A layered reporting decision tree. A flowchart that takes incident facts (data type, affected populations, contractual relationships, public-company exposure, ransom payment status) and outputs which reporting regimes apply, what the timeline is, what content the report needs, and who the named recipient is. The decision tree is updated when each underlying rule changes, including when CIRCIA finalizes.
A CIRCIA-readiness drill. A tabletop that exercises the 72-hour CIRCIA timeline against the existing HIPAA/state/FTC/BAA stack, even though CIRCIA is not yet enforceable. Drills surface coordination problems, content gaps, and contradictory disclosure risks that no policy review will find.
NIST SP 800-61 Rev. 3 is the federal reference for the underlying capability. The CIRCIA NPRM and CISA’s status page are the inputs to the decision tree. The HIPAA Security Rule NPRM (HHS, 2025) proposes contingency-testing expectations that this drill satisfies.
Where CIRCIA Conflicts With HIPAA
A few specific tensions deserve attention now.
CIRCIA reports go to CISA. HIPAA breach reports go to HHS OCR. The two agencies coordinate but their content needs differ. A CIRCIA-style technical incident description is not the same artifact as an OCR breach analysis.
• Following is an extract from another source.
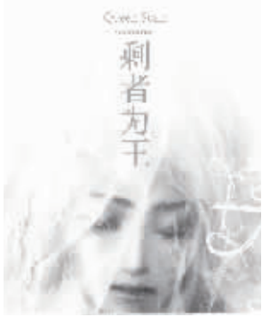
《剩者为王》 落落 长江文艺出版社

“……你在说什么呀！”我浑身发抖，手指在桌子上激烈地找着什么，抓到离自己最近的一盒牙签，干脆利落地把它砸向地面。“不结婚会死吗？不结婚会被判刑吗？也只有你这种人，不歧视会死是吧？我让你觉得难堪是吧？那你放心好了，我会保证你将来一定断子绝孙的！你放心啊，交给我好了！” (3)

CIRCIA’s “reasonable belief” trigger is operationally earlier than HIPAA’s “discovery of breach” standard. Organizations may need to file a CIRCIA report before they have completed the HIPAA breach analysis that determines whether OCR notice is required.
CIRCIA’s 72-hour clock starts on reasonable belief. HIPAA’s 60-day individual notice clock starts on discovery. State clocks vary. The first-hours decisions about what to communicate, to whom, in what format, are the highest-stakes part of the response and they cannot be improvised.
The CISA CIRCIA status page is the canonical source for the current rulemaking status; check it before any customer-facing readiness commitments.
What This Means for Business Associates
Business associates handling ePHI for covered entities will face CIRCIA exposure on two paths. Some BAs will themselves meet the covered-entity definition. Others will be downstream of covered customers who will demand earlier and more detailed notice in BAA renewals.
The practical consequence is that BAA notification clauses will tighten. A BA that today receives a HIPAA-style 60-day window from a customer should expect 24-hour or 48-hour notification clauses to become standard, with explicit CIRCIA-aligned content. Reviewing existing BAAs and DPAs against likely CIRCIA-driven clauses is a 2026 task, not a post-finalization task.
For broader BA framing, see Change Healthcare and Business Associate Risk.
What to Track
- The CIRCIA final-rule publication date and effective date (CISA status page).
- Whether the final rule preserves the 72/24-hour structure or modifies thresholds and content.
- Coordination guidance between CISA and HHS OCR on healthcare incident reporting.
- BAA template updates from major healthcare procurement organizations and large covered entities.
CIRCIA is the kind of compliance change that produces non-compliance windows for organizations that wait. The cost of preparing while it remains proposed is a tabletop and a decision tree. The cost of waiting is paid in the first 72 hours of the next incident.
Sources
- CISA. (2024). CIRCIA Reporting Requirements NPRM. 89 Fed. Reg. 23644.
- CISA. (2026). CIRCIA status page. cisa.gov/circia
- Congressional Research Service. (2024). CIRCIA NPRM In Brief (R48025).
- Cichonski et al. (2025). NIST SP 800-61 Rev. 3.
- HHS. (2025). HIPAA Security Rule NPRM. 90 Fed. Reg. 898.
- FTC. (2024). Health Breach Notification Rule Final Amendments. 89 Fed. Reg. 47028.